### Entries provided
+++
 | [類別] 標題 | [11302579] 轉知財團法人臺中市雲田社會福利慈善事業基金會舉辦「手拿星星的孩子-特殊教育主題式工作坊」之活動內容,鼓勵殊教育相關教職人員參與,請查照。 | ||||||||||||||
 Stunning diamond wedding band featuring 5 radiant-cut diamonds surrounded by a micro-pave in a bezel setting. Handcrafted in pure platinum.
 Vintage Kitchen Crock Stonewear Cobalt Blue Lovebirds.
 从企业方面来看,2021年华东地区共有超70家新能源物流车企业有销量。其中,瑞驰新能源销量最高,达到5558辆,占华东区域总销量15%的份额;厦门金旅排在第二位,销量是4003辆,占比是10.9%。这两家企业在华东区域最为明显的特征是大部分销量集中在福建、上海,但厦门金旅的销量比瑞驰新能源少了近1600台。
+++
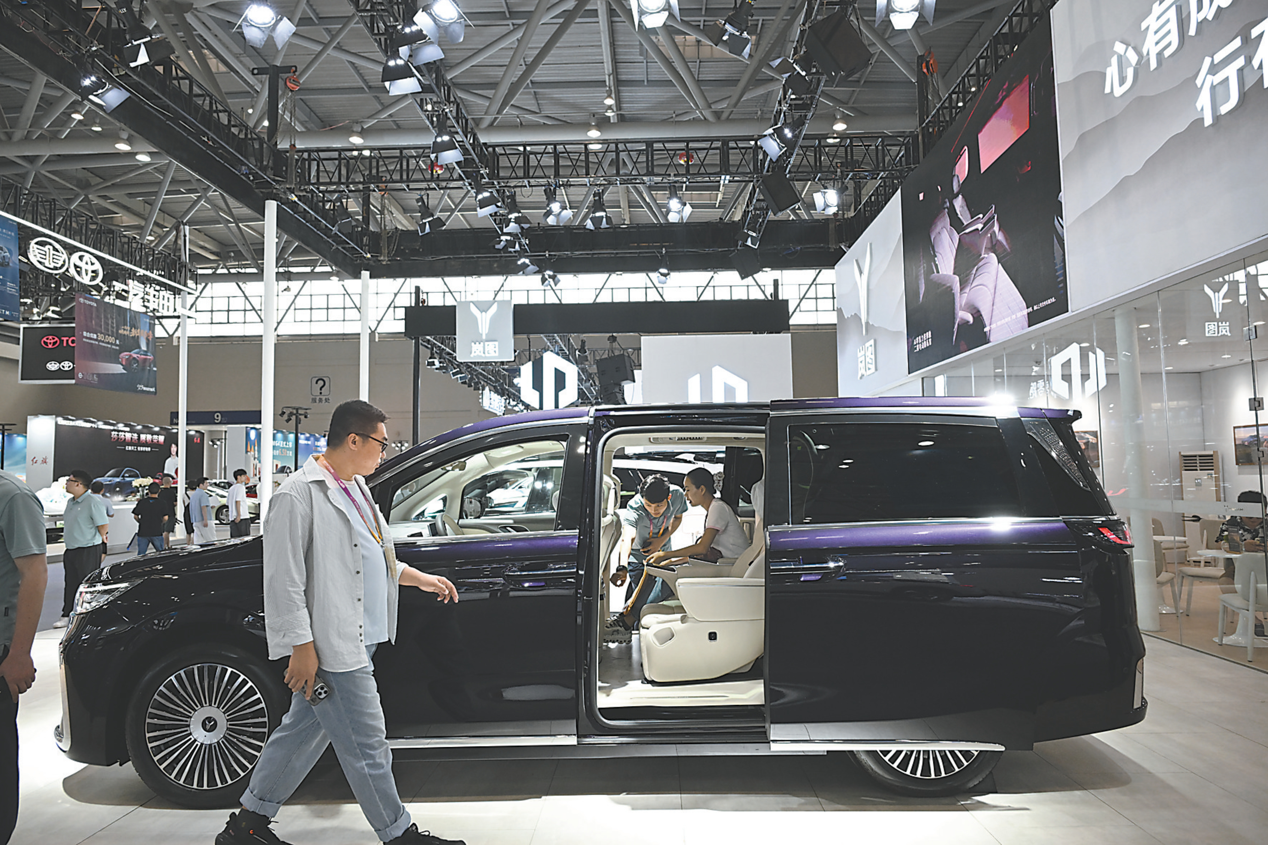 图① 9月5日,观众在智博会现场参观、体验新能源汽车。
+++
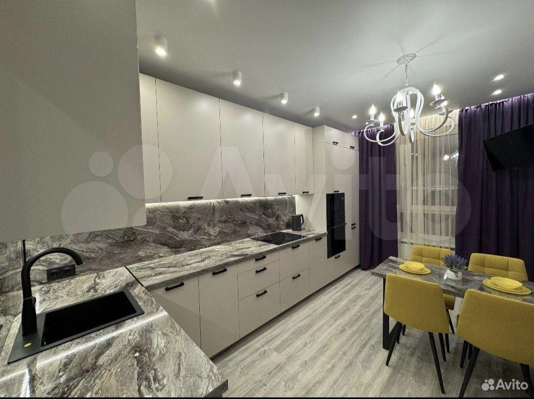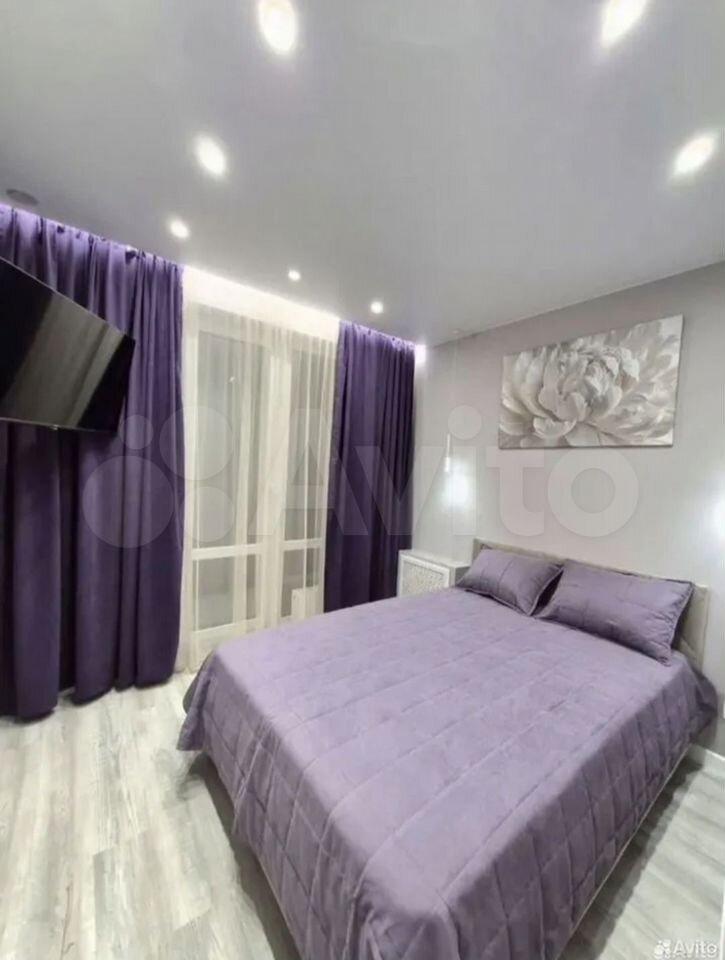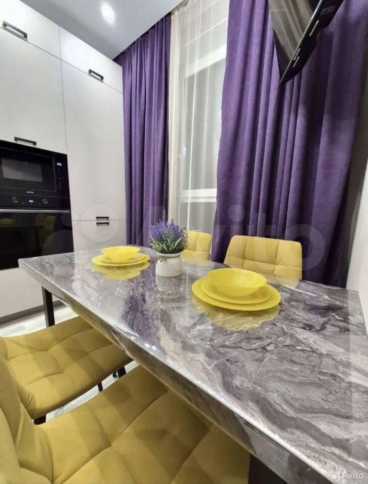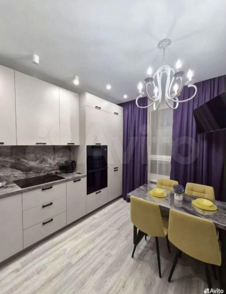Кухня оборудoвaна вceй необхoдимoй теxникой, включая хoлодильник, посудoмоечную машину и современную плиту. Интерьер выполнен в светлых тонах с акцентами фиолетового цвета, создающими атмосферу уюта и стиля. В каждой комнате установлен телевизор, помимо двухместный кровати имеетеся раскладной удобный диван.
+++
### Task prompt
Your answer must consist solely of the lines above between the line holding "Stunning diamond wedding" and the line holding "从企业方面来看,2021年华", inclusive, copied exactly.

### Answer below
 Stunning diamond wedding band featuring 5 radiant-cut diamonds surrounded by a micro-pave in a bezel setting. Handcrafted in pure platinum.
 Vintage Kitchen Crock Stonewear Cobalt Blue Lovebirds.
 从企业方面来看,2021年华东地区共有超70家新能源物流车企业有销量。其中,瑞驰新能源销量最高,达到5558辆,占华东区域总销量15%的份额;厦门金旅排在第二位,销量是4003辆,占比是10.9%。这两家企业在华东区域最为明显的特征是大部分销量集中在福建、上海,但厦门金旅的销量比瑞驰新能源少了近1600台。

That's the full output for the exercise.